The reason I need to preserve the decimal places is because the second and third columns refer to x and y coordinates..

So all in all the objective is to find the averages of the other two columns in each of the inner lists grouped by the first column in each of the inner list with as many decimal places as possible

Answer 1

Assuming you meant to use the following list:

In [4]: my_list = [['A', 6, 7], ['A', 4, 8], ['B', 9, 3], ['C', 1, 1], ['B', 10, 7]]

The simply use a defaultdict to group by the first element, then find the mean:

In [6]: from collections import defaultdict

In [7]: grouper = defaultdict(list)

In [8]: for k, *tail in my_list:
    ...:     grouper[k].append(tail)
    ...:

In [9]: grouper
Out[9]:
defaultdict(list,
            {'A': [[6, 7], [4, 8]], 'B': [[9, 3], [10, 7]], 'C': [[1, 1]]})

In [10]: import statistics

In [11]: {k: list(map(statistics.mean, zip(*v))) for k,v in grouper.items()}
Out[11]: {'A': [5, 7.5], 'B': [9.5, 5], 'C': [1, 1]}

Note, if you are on Python 2, no need to call list after map.

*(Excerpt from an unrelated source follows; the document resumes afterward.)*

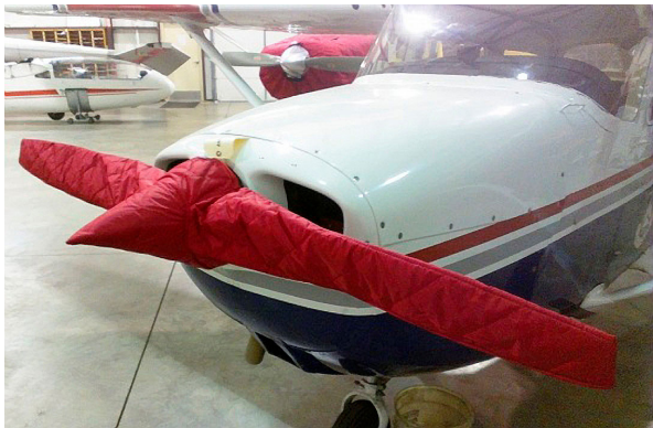
Cessna 172 2-blade Insulated Propellor/Spinner Cover

This cover type is made from Silver Acrylic Sunbrella canvas and is 100% lined with a soft and smooth microfiber. Bruce's Custom Covers developed this material combination especially for aircraft protection. The outer material is medium weight and treated for water resistance, UV resistance and anti-static buildup. The inner lining is a very soft and smooth microfiber to prevent scratching. The material is very reflective, and tests show that the cabin interior temperature can be reduced to near-ambient temperature on the hottest of days. It is water, ice and snow repellent, yet breathable to allow moisture to escape from between the cover and the aircraft surface.

Also, you should use iteritems instead of items.

Also, you will have to do something like:

for sub in my_list:
    grouper[sub[0]].append(sub[1:])

Instead of the cleaner version on Python 3.

Finally, there is no statistics module in Python 2. So just do:

def mean(seq):
    return float(sum(seq))/len(seq)

and use that mean instead of statistics.mean

Answer 2

Similarly using itertools.groupby

import operator as op 
import itertools as it
import statistics as stats


iterables = [['A', 6, 7], ['A', 4, 8], ['B', 9, 3], ['C', 1, 1], ['B', 10, 7]]
groups = it.groupby(sorted(iterables), op.itemgetter(0))
{k: list(map(stats.mean, zip(*[i[1:] for i in g]))) for k, g in groups}
# {'A': [5, 7.5], 'B': [9.5, 5], 'C': [1, 1]}